La mañana siguiente, Candy se levantó bastante mejor, solo prevalecía un ligero entumecimiento en la pierna, pero la alegría le duró poco. Al mediodía llegaron a la casa de campo de los Ardlay, donde tuvo lugar, al fin, el vaticinio de Terrence. Lo malo acababa de suceder.
Candy nunca fue dada a desmayos. Ni siquiera sus nervios sufrían con facilidad, pero cuando se despertó una vez más con él pegada a su espalda, creyó que gritaría... y no sabía si sería de pura dicha o de indignación. Ver a su amiga al otro lado, en la tienda de campaña, dejó claro que la cuestión no resultó tan inquietante como temió en un primer momento. Entre otras cosas, porque ella estaba desnuda... era algo alarmante. ¡Por Dios de cielo! —si los hubiesen sorprendido a los tres en una actitud tan íntima, solo el Todopoderoso sabría de qué clase de depravaciones los hubieran acusado.

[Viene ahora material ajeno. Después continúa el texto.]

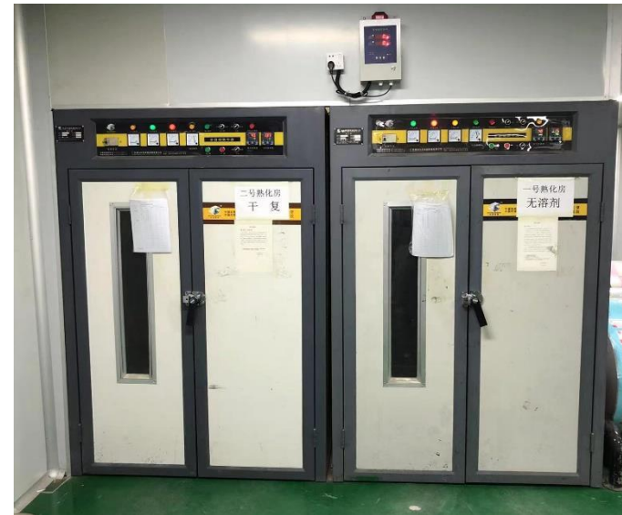
Curing oven room

Algunos recuerdos del día anterior llegaron a su mente. Le había picado una serpiente de río. Él le había sacado el veneno con su... boca. Mmm. No debería resultar tan excitante rememorar ese asunto, pero lo era. El resto estaba muy confuso y percibía que ella había hablado de más, llevada por lo que fuese que la serpiente le hizo. Pero lo que sí recordaba a la perfección era el hecho de que Terrence... —le fascinaba ese nombre— iba a llevarla con los Ardlay sin albergar ninguna duda al respecto.
¿Eso debería consolarla? No lo sabía. Mientras viajaba en la parte trasera de la carreta, junto a Annie porque ella misma había exigido que así fuese y él no se negó, únicamente era consciente de que su vanidad femenina había sido vapuleada, y aunque ya debería estar más que acostumbrada, aquello dolía como la muerte.
—¿No vas a hacer algo? —susurró la pelinegra esperando que la oreja de Terrence no pudiera escucharlas.
—¿Qué? —La voz de Annie la regresó al presente.
—Te quiere para él. No hablo de amor, pero es evidente que... —Annie dejó la frase en el aire—. Además, a ti te gusta muchísimo. ¿De verdad, no vas a hacer nada al respecto, Candy?
—Estoy convencida que estaré bien. Él mismo me lo ha dicho. —Trató de sonar casual, pero estaba enfadada. Tenía un dilema conjurado por algún tipo de hechizo.
—Nos ha salvado la vida, Candy, a ti dos veces. ¿Qué otra prueba necesitas para comprender que él te quiere? Te quiere —repitió.
—No me lo ha dicho —susurró la rubia muy bajo.
—Ni tú a él.
—Una dama no dice esas cosas hasta que el hombre...
—¿Vas a ampararte en convencionalismos, Candy, precisamente tú?
—Déjalo ya, Annie. —Candy suspiró. No tenía caso seguir discutiendo porque una preciosa casa de dos plantas, se alzaba ante ellas.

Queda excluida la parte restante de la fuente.